Re: [Fwd: Title IX Case]

Date: Tue Apr 11 2000 - 11:00:29 EDT

What I see here is not regarding number of girls versus number of boys
participating, but instead the issue of complaint appears to be unequal

Would it be acceptable in this case for the District to resolve the case by
not adding anything for the girls, still forcing them to play at the
elementary school, but by removing the boys' dugout, lights, bleachers,
etc.. (that they probably actually *worked* for, if that means anything we all remember Lazy and Lazier Daniels v. Merritt Island?)? If
they removed these things for the boys, and forced the boys to play at an
elementary school as well, would this be an acceptable solution under this
complaint? If so, the question which I have asked now a total of nineteen
times to the ladies and gentlemen of this group reoccurs; who wins?

While I understand Mr. Lawrence's desire to increase opportunities for his
girls and not to "take anything away from the boys," I would be willing to
place a wager here and now that this is exactly what will happen. That's
the same thing that Jessica "Nit" and Jennifer "Wit" Daniels said as they
watched the boys' things that the boys *worked* for (there's that concept
of *work* again) being hauled off.

In my estimation the boys would not win, nor would the girls. Things would
be just as bad for the girls as they are now, but it would be equally as
bad for the boys so things would be equal and Title IX would be satisfied.
If the boys don't win, and the girls don't win, then the only people who do
win are the retained attorneys and the bean counters and I, for one, don't
give a flying ahem.."dern" about them.
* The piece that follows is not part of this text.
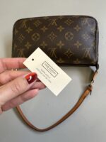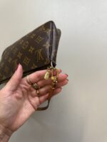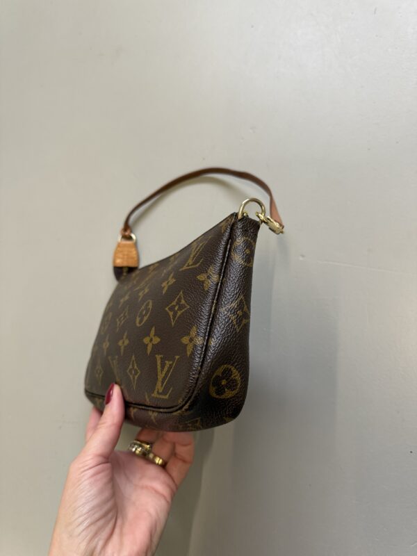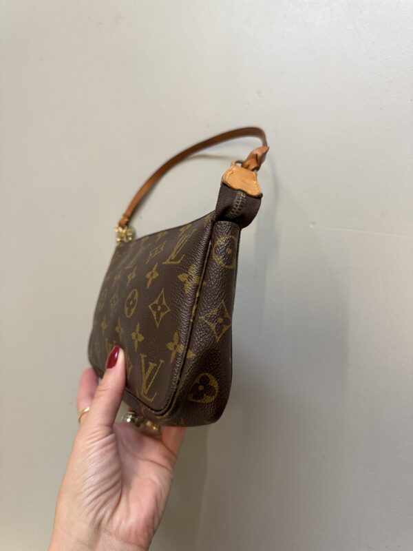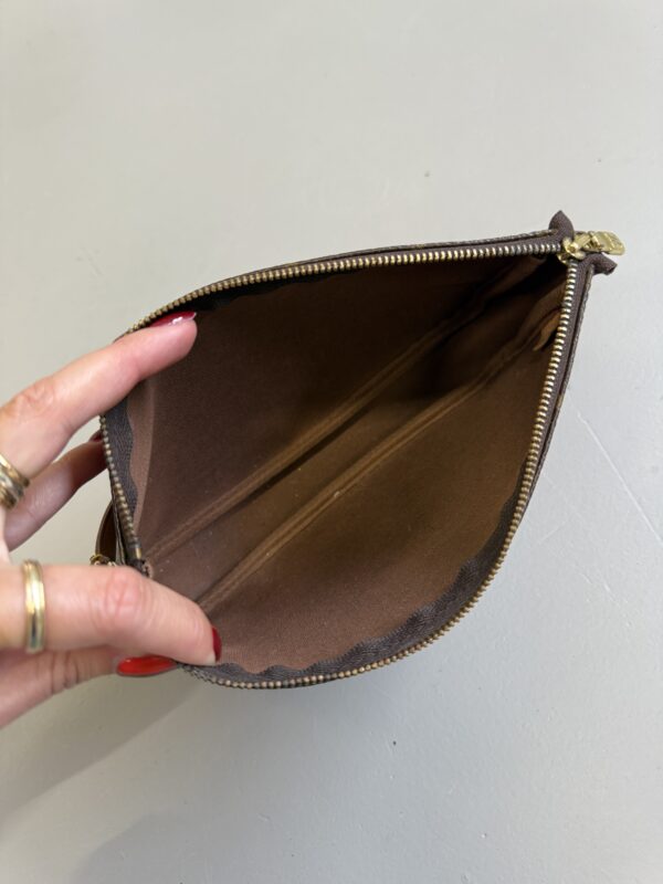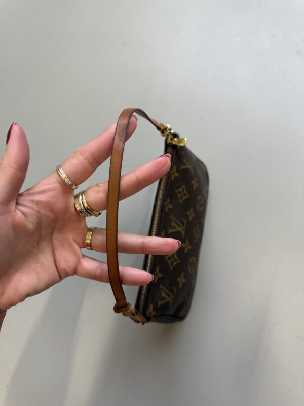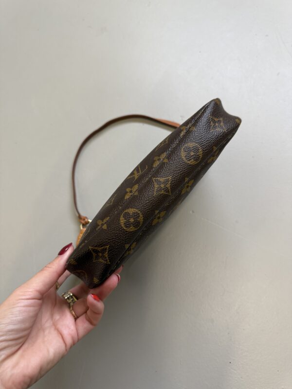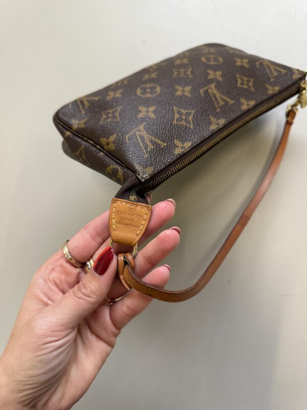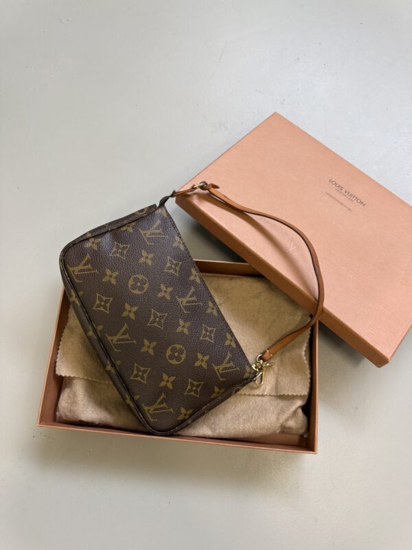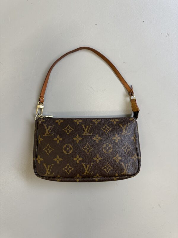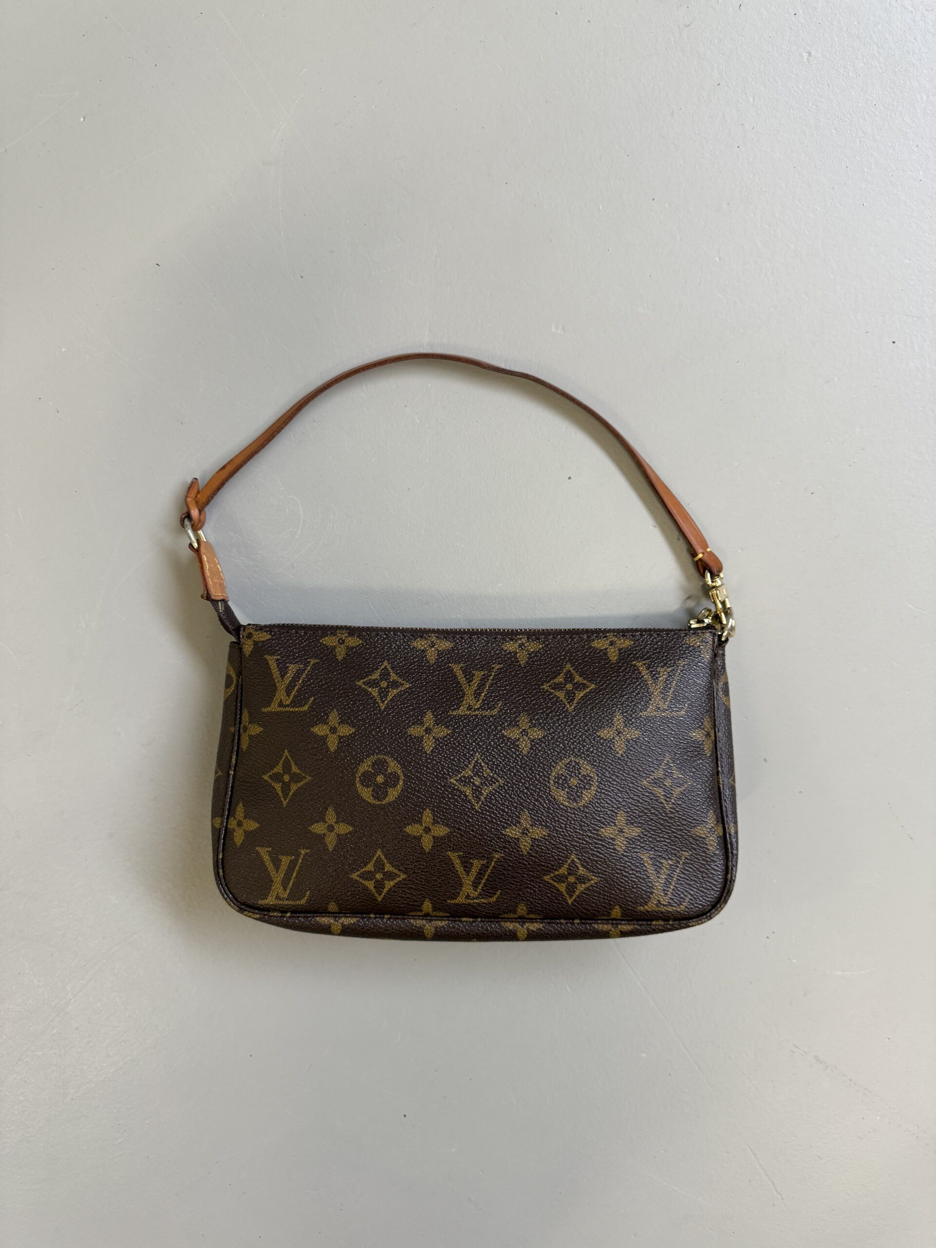 Vintage Louis Vuitton Pochette in amazing condition. Classic coated canvas bag with tan leather details and golden metal hardware. Coated canvas is in perfect condition. The tan leather is still very light for its age. The leather strap is still very nice and light in color. The golden hardware is also still in amazing condition. Inside also in perfect condition.

I care about boys and girls, not
some wealthy attorney. (Sounds strange coming from someone who is going to
law school in a few years...LOL!!)

Amber V. DeWine


> School District Sued Over Title IX
> Reported by: Lynn Giroud
> Web produced by: Fred Slezak
> 3/24/00 5:01:33 PM
> It's a common site this time of year, girl's softball on a springtime
> afternoon. But, the Lady Rebels of Boone County High were battling more
> than their opponent. They were fighting what they said was inequity.
> A group of parents filed a federal lawsuit Friday alleging the Boone
> School District was violating Title IX by failing to provide equal
> opportunities for girls to participate in school-sponsored athletics.
> "It's not a situation where we want to take anything away from the boys,"
> said Edward Lawrence, father of one of the girls. "We're trying to make
> things equitable for the girls."
> The girls softball field is not at the high school, it's a few miles
> behind Collins Elementary.
> The boys' baseball field at the high school had dugouts, lights,
> and an electronic scoreboard. It's right next to a new football field
> a
> press box and new lights.
> The girls' field didn't even have access to a locker room or bathrooms.
> There was no girls' JV team, so these parents said, there's less
> opportunity
> for girls to make it onto the team.
> The boys get other perks, as well, like uniforms that are paid for and
> busses to ride to games. Parents have to drive the girls to practice and
> their games.
> School Superintendent Bryan Blavatt said the district has been fair to
> girls.
> "We've gone beyond what's required, taken an affirmative step to try and
> provide everything we can, not just because of Title IX, but because
> is a real concern of mine."
> Blavatt said the district has been working on finding an alternate site
> a new softball field. He said the lawsuit is without merit.
> The attorneys who filed the suit have dealt with these issues throughout
> the
> country, and of the 50 Title IX cases brought to court in the past eight
> years, the plaintiffs have won in every case.